WHAT TO WORK ON: Beginning at the line that contains "电波塔主塔200层已过,核心" and finishing at the line that contains "En majestätisk vit", output the data below exactly. Include both end lines and no pictures.

EXERCISE MATERIAL:
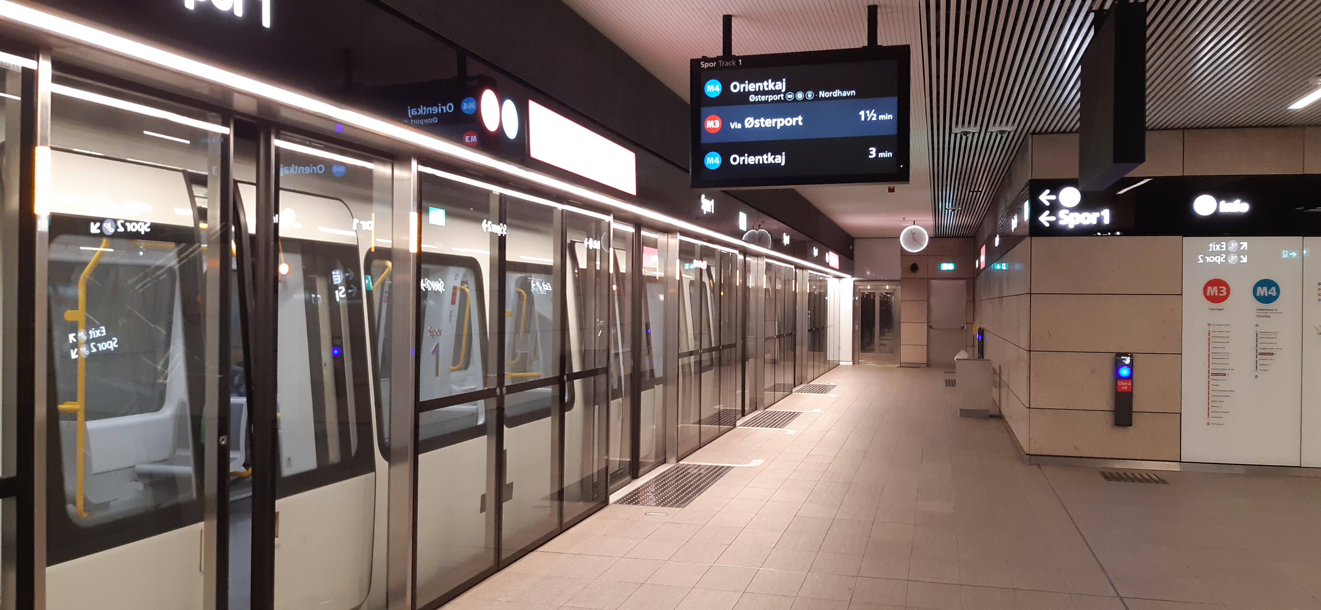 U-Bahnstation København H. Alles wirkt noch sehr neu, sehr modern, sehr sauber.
--
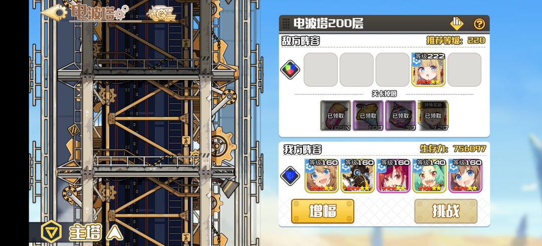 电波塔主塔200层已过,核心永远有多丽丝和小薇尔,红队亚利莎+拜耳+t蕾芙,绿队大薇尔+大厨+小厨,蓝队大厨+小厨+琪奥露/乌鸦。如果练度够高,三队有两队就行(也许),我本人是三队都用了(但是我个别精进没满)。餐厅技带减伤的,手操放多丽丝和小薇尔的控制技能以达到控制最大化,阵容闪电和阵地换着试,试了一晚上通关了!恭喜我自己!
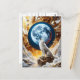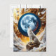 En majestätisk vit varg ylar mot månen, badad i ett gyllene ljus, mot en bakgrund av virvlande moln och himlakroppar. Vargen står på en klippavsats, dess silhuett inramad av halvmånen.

EXERCISE SOLUTION:
 电波塔主塔200层已过,核心永远有多丽丝和小薇尔,红队亚利莎+拜耳+t蕾芙,绿队大薇尔+大厨+小厨,蓝队大厨+小厨+琪奥露/乌鸦。如果练度够高,三队有两队就行(也许),我本人是三队都用了(但是我个别精进没满)。餐厅技带减伤的,手操放多丽丝和小薇尔的控制技能以达到控制最大化,阵容闪电和阵地换着试,试了一晚上通关了!恭喜我自己!
 En majestätisk vit varg ylar mot månen, badad i ett gyllene ljus, mot en bakgrund av virvlande moln och himlakroppar. Vargen står på en klippavsats, dess silhuett inramad av halvmånen.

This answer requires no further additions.